Leur force réside dans leur unité. Lorsque les centrales s’unissent sur la question du pouvoir d’achat, le message est clair. Mais jusqu’ici, la réponse gouvernementale reste évasive.

La piste d’une compensation indirecte

Face à l’impasse, certaines pistes émergent. L’État pourrait renforcer la protection sociale complémentaire, étendre les droits aux congés, ou améliorer les conditions de travail. Ce sont des leviers réels, mais ils ne remplacent pas un salaire décent.

Certains proposent même de revaloriser les indemnités de logement ou les frais de transport. Mais ces mesures restent marginales. Cela ne mange pas de pain d’y penser, mais elles ne couvrent pas les besoins fondamentaux.

L’enjeu de l’attractivité des métiers

Le plus inquiétant, c’est le signal envoyé aux jeunes générations. Des postes essentiels – éducation, santé, sécurité – peinent à recruter. Pourquoi s’engager dans la fonction publique si les rémunérations stagneront ?

La revalorisation du point d’indice n’est pas qu’un enjeu financier : c’est une question d’attractivité du service public. Sans salaires décents, les services se dégradent. Et ce sont les usagers qui en paient le prix.

Les questions populaires

Est-ce que ma prime de fin d’année sera aussi gelée si le point ne bouge pas ?

Les primes sont calculées indépendamment du point d’indice, souvent en fonction du budget annuel et des performances. Un gel du point n’implique pas automatiquement un gel des primes, mais dans un contexte de restriction budgétaire, les deux peuvent être impactés.

Combien perd-on réellement en euros chaque année sans revalorisation ?

La perte dépend du niveau d’indice.
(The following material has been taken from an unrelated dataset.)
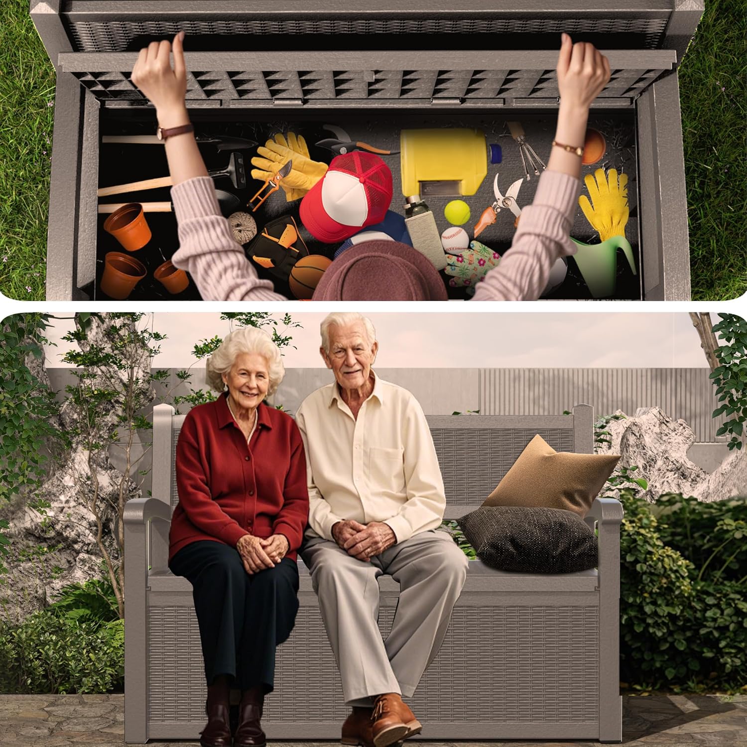 80 Gallon Outdoor Storage Bench Deck Box Waterproof Lockable,Outdoor Storage Furniture for Patio,Garden and Cushions(Gray)

Pour un agent au traitement de base (indice 300), une inflation de 5 % représente une perte d’environ 70 à 80 € mensuels en pouvoir d’achat réel. Ce n’est pas une baisse formelle, mais une dépréciation silencieuse.

Y a-t-il une nouvelle méthode de calcul prévue par le gouvernement ?

Pas de changement majeur annoncé. Le système reste fondé sur la grille indiciaire. Toutefois, des discussions existent sur une éventuelle indexation automatique du point d’indice sur l’inflation, mais rien n’est acté pour 2025.

Puis-je attaquer juridiquement l’État pour perte de pouvoir d’achat ?

La jurisprudence est très restrictive. Le pouvoir d’apprécier les conditions de rémunération appartient à l’État. Aucun droit individuel à une revalorisation n’existe. Les recours se font principalement via les instances syndicales ou les négociations collectives.